I've been working on the side on a tool to run all the Hive tests using docker.  You can take a look at it at [https://github.com/alanfgates/dtest]  It might be useful for reworking ptest or as a base for a new tool.

It works by first building a docker image from a git repo and branch.  If this succeeds it then runs the tests in containers.  The output is analyzed for failures, errors, or timeouts.  At the end the user is presented a list of tests that failed or resulted in an error.

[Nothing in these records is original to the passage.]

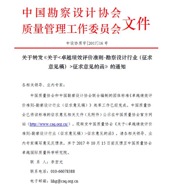 中勘協質量管理委員會關于卓越績效評價準則-勘察設計行業(征求意見稿)征求意見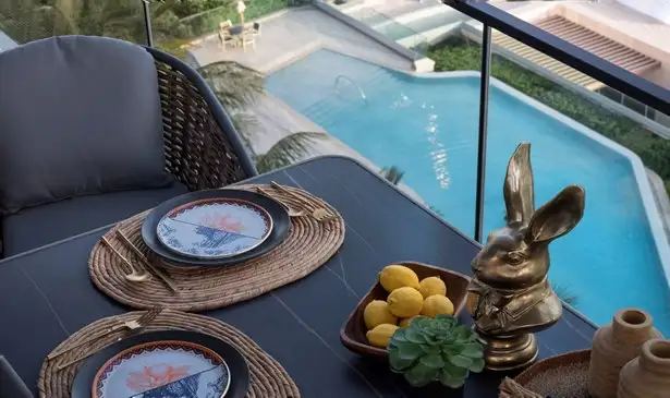 - Large balcony with wooden floorwork
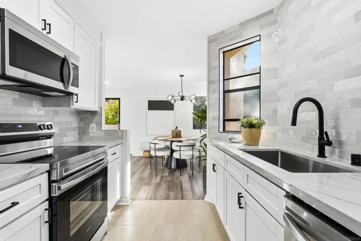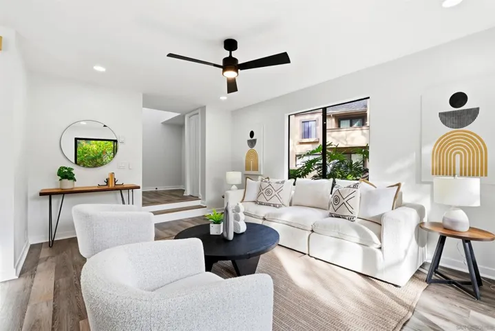 Back on market at no fault to property- Newly remodeled end-unit property in the highly sought-after Woodlands West community of UTC. This light-filled home features LVP flooring, fresh interior paint, and updated lighting throughout. The modern kitchen is equipped with shaker-style cabinetry, quartz countertops, designer tile backsplash, and brand-new Samsung stainless steel appliances. Upstairs, the spacious primary bedroom boasts soaring vaulted ceilings and a private balcony retreat. Second room upstairs makes a great additional bedroom or office. Private oversized two car garage PLUS additional parking available throughout the community. Enjoy the pool, sports court and amazing landscaping throughout this great complex. Additional highlights include an attached oversized two-car garage and an ideal end-unit location offering added privacy and natural light. Centrally located near shopping, dining, and quick access to the 5 freeway.

Currently it uses docker directly, so it is confined to a single host.  It should be straight forward to rework it to use Yarn, Kubernetes, or other container managers so it can run in a cluster.  I've been running it on a 32 core box with 10 simultaneous containers and it finishes in about 2 hours 20 minutes (of which the first 20 minutes is build).

Limitations:
 * Some tests fail in it that don't fail in ptest.  So far the ones I have looked at fail on the box I'm using whether from the command line or in the container, so I do not think the failures are related to the tool.  At least some of these are ordering issues with queries that don't use order by.  I haven't examined all of them.
 * I have not analyzed whether every test run by ptest is also run by this.  The numbers are in the ballpark.  Following the logic of ptest has been challenging.  It would be very nice if 'mvn install' did the right thing for all these tests, rather than requiring reading multiple other config files to figure out which qfiles to use.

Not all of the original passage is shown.